Sleep for Health and Performance

Sleep for Health and PerformanceAthletes often search for the newest invention, technique, or ‘secret’ to give them an edge in performance, injury recovery, and injury prevention. While not actually a ‘secret’, there are ways to get an edge that you have direct control over every day.  Sleep is one of those elements. In fact, the benefits of sleep for health and performance are powerful, but often overlooked and ignored.

Benefits of Sleep

Getting a good night’s sleep is one of the most important things you can do to improve your physical and mental performance. In addition, sleep helps you recover from injuries faster, and improves your overall health and resistance to illness. The benefits to getting a good night’s sleep include:

Improved mental health

  • Getting enough sleep supports the body’s ability to manage stress and anxiety. Lack of sleep is directly associated with depression.

Improved physical health and immune function

  • Cell and muscle growth and repair occur during sleep. Therefore, without sleep your body won’t recover fully from the previous day’s workout.
  • Poor quality sleep is associated with weight gain and obesity in adolescents and young adults.

Improved cognitive performance

  • Lack of sleep reduces your ability to focus and maintain attention, and impairs decision-making and memory.

Lack of Sleep

Studies show that sleep directly affects immune function, and that lack of sleep is associated with increased injuries in adolescent athletes. A study on the effects of sleep deprivation on adolescent athletes found that athletes who got less than 8 hours of sleep a night were 1.7 times more likely to be injured than athletes who slept 8 or more hours a night.

Getting Better Sleep

As you can see, there are many benefits to getting a good night’s sleep. Although, knowing this and doing it are two different things! First, it’s important to understand how much sleep to aim for. Teenagers should get 8-9 hours of sleep a night. Adults should shoot for 6-8 hours of sleep a night.

Second, it is good to have some strategies to make falling asleep as easy as possible. Try some of the following tips to find what works best for you.

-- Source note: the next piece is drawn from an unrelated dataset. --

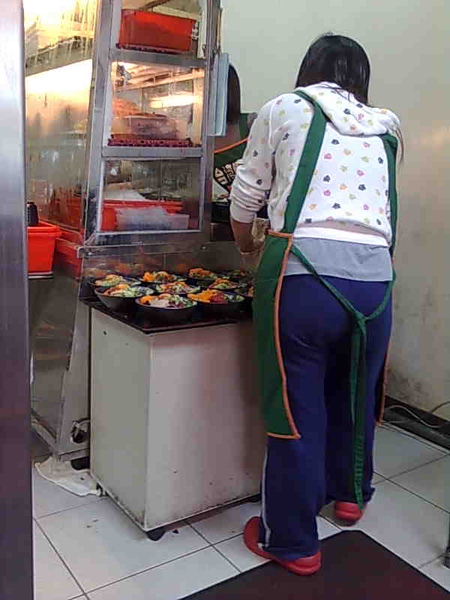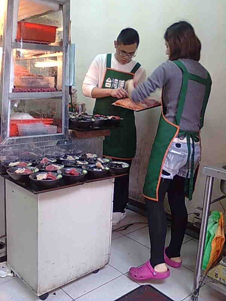 等著等著,剛好看到工作人員正在為海鮮蓋飯排盤, 順便照一下囉~~

  • Use blackout curtains and reduce excess light to make your bedroom as dark as possible.
  • Avoid spending time on your phone, computer, or watching TV at least 30 minutes before going to bed.
  • Create a bedtime routine to start winding down at least 30 minutes before going to bed. For example, your routine might include reading, listening to relaxing music, journaling, or taking a bath.
  • Get the recommended amount of exercise throughout the day. However, avoid intense exercise close to bedtime as it can make it difficult to relax and fall asleep.
  • Avoid caffeinated beverages late in the day.
  • Establish a consistent bedtime. Try to go to bed and wake up at the same time every day. By sticking to a routine your body can count on, you are more likely to get the recommended amount of sleep.

Sleep for Health

The most important factors associated with health and performance tend to be things that we do every day. As you can see, sleep is one of those things. By working towards our best possible sleep on a daily basis, we improve our health and perform better, both physically and mentally. So, what are you waiting for? Go to bed!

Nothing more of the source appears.